Each line of the listing, apart from the pictures, is to be printed exactly.

*** DATASET EXCERPT ***

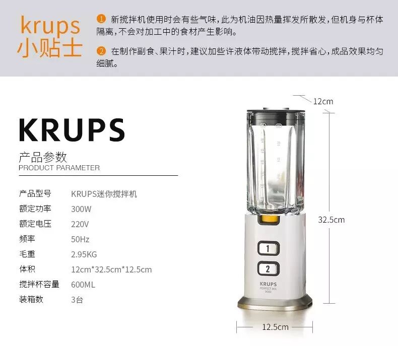 3、Krups有快慢两档搅拌速率可选,第一次使用,先点按1健2秒之后暂停,再点按2秒暂停,如此反复直到把食物搅拌好,这样有助于机体试运行更顺畅,不会突然加热过度导致机体保护暂停。之后每次按也最好不要超过30秒哦!
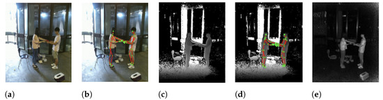 Example data captured by an RGB-D sensor as taken from the NTU RGB-D dataset [31] in (a) RGB, (b) RGB + Skeleton Joints, (c) Depth, (d) Depth + Skeleton Joints, and (e) IR modalities.
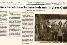 Con éxito culminan talleres de dramaturgia en Copiapó [artículo]. Diario Chañarcillo (Diario : Copiapó, Chile)-- jul. 11, 2010, p. 18. .
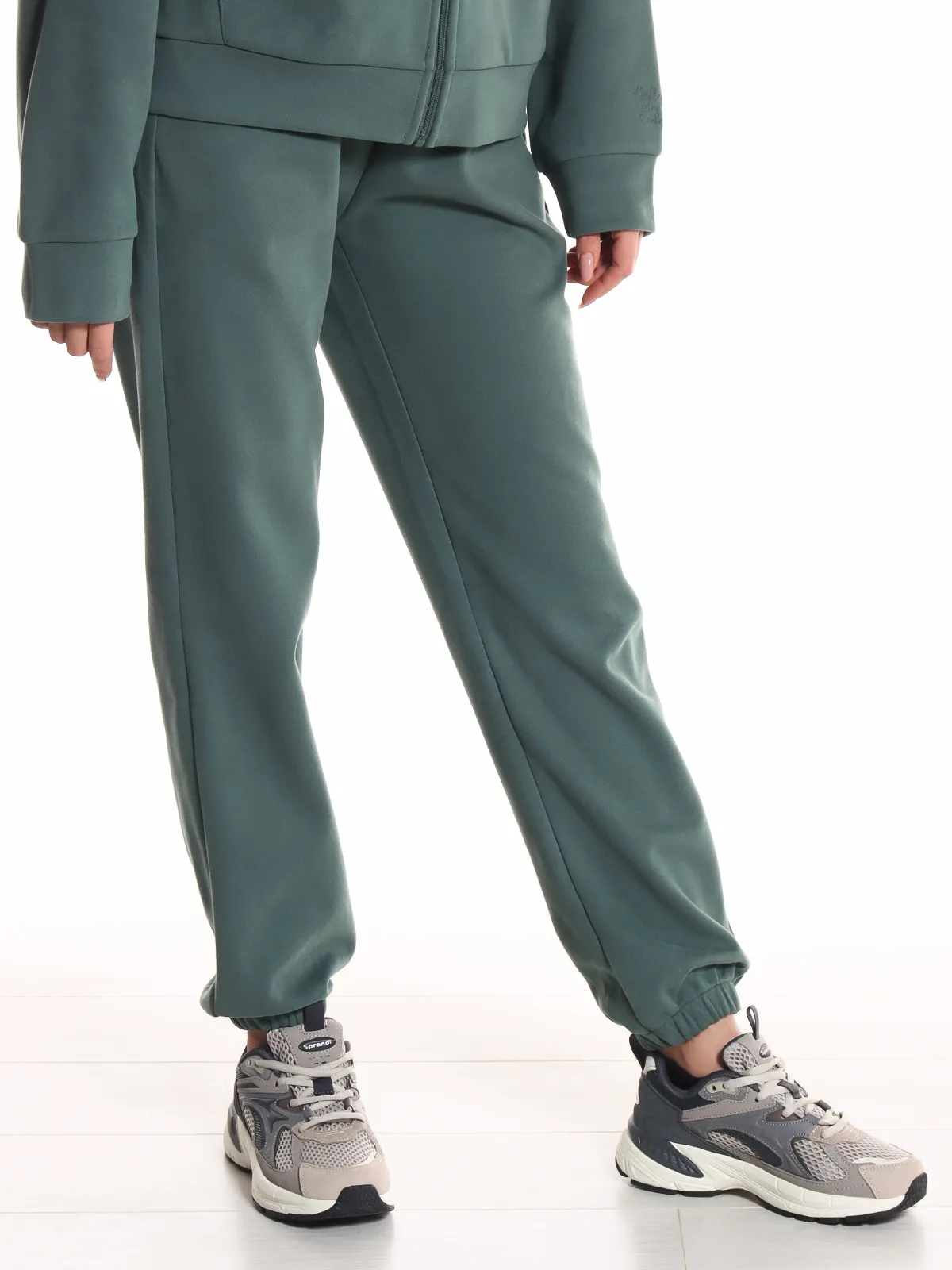 Брюки с эластичным поясом, регулируемым шнурком, обеспечивают идеальную посадку и комфорт, а манжеты на резинке поддерживают форму и не позволяют ткани подниматься. Это делает костюм удобным для любых активностей и повседневного использования.

*** End of DATASET EXCERPT ***

▶ [EXERCISE RESULT]:
 3、Krups有快慢两档搅拌速率可选,第一次使用,先点按1健2秒之后暂停,再点按2秒暂停,如此反复直到把食物搅拌好,这样有助于机体试运行更顺畅,不会突然加热过度导致机体保护暂停。之后每次按也最好不要超过30秒哦!
 Example data captured by an RGB-D sensor as taken from the NTU RGB-D dataset [31] in (a) RGB, (b) RGB + Skeleton Joints, (c) Depth, (d) Depth + Skeleton Joints, and (e) IR modalities.
 Con éxito culminan talleres de dramaturgia en Copiapó [artículo]. Diario Chañarcillo (Diario : Copiapó, Chile)-- jul. 11, 2010, p. 18. .
 Брюки с эластичным поясом, регулируемым шнурком, обеспечивают идеальную посадку и комфорт, а манжеты на резинке поддерживают форму и не позволяют ткани подниматься. Это делает костюм удобным для любых активностей и повседневного использования.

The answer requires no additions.